Siapa yang tidak mengenal nama Wes Craven? Di perfilman dunia, ia adalah salah satu maestro horor terkemuka. Beberapa filmnya menjadi franchise, sebut saja Nightmare on Elm Street atau Scream. Ditambah beberapa film slasher-nya telah di-remake, seperti The Last House on the Left hingga The Hills Have Eyes. Kini, sang punggawa horor itu telah berpulang di usia 76 tahun akibat kanker otak yang ia derita.
Pria bernama asli Wesley Earl Craven ini lahir di Cleveland, Ohio, pada 2 Agustus 1939 dan merupakan anak dari pasangan penganut Kristen yang taat. Namun, itu semua tentu saja tidak membuat keinginannya terjun ke dunia film hilang. Pekerjaan pertamanya yang bersinggungan dengan dunia layar lebar adalah sebagai editor suara di perusahaan pascaproduksi di New York. Yang mungkin tidak banyak orang tahu adalah Craven sempat terjun sebagai sutradara film porno sebelum akhirnya menyutradarai film pertamanya The Last House on the Left.
Namun, hasil karyanya yang membuat ia kondang adalah Nightmare on Elm Street yang mengisahkan sesosok pembunuh dengan muka rusak dan jari-jemari runcing serta mengejar para korbannya di alam mimpi. Sosok Freddy Krueger ini begitu terkenal sehingga dibuatkan filmnya berkali-kali bahkan dipertemukan dengan karakter ikonik lain, yaitu Jason Voorhees. Di tahun 1996, lagi-lagi Craven membuat terobosan dalam genre film horor remaja. Kali ini, ia mengangkat tema pembunuh berantai dengan jubah hitam dan topeng serta menghabisi para remaja. Kesuksesan Scream sukses mengangkat nama Neve Campbell dan hingga kini telah mencapai film keempat.

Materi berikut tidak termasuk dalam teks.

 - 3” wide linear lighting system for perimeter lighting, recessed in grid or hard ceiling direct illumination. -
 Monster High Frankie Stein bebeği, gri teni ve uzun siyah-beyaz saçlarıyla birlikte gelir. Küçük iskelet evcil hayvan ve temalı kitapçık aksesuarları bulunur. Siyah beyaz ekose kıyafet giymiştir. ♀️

Akan tetapi, Craven rupanya juga sempat mencoba genre yang berbeda dari genre yang telah membesarkan namanya. Genre tersebut adalah musikal melalui Music of the Heart yang dibintangi Meryl Streep dan drama komedi romantis melalui salah satu segmen di film omnibus Paris, je t'aime. Hingga kini, karya-karya Craven tetap dikenang sebagai salah satu pionir dalam dunia horor dan ia takkan pernah dilupakan oleh generasi 1980-1990an.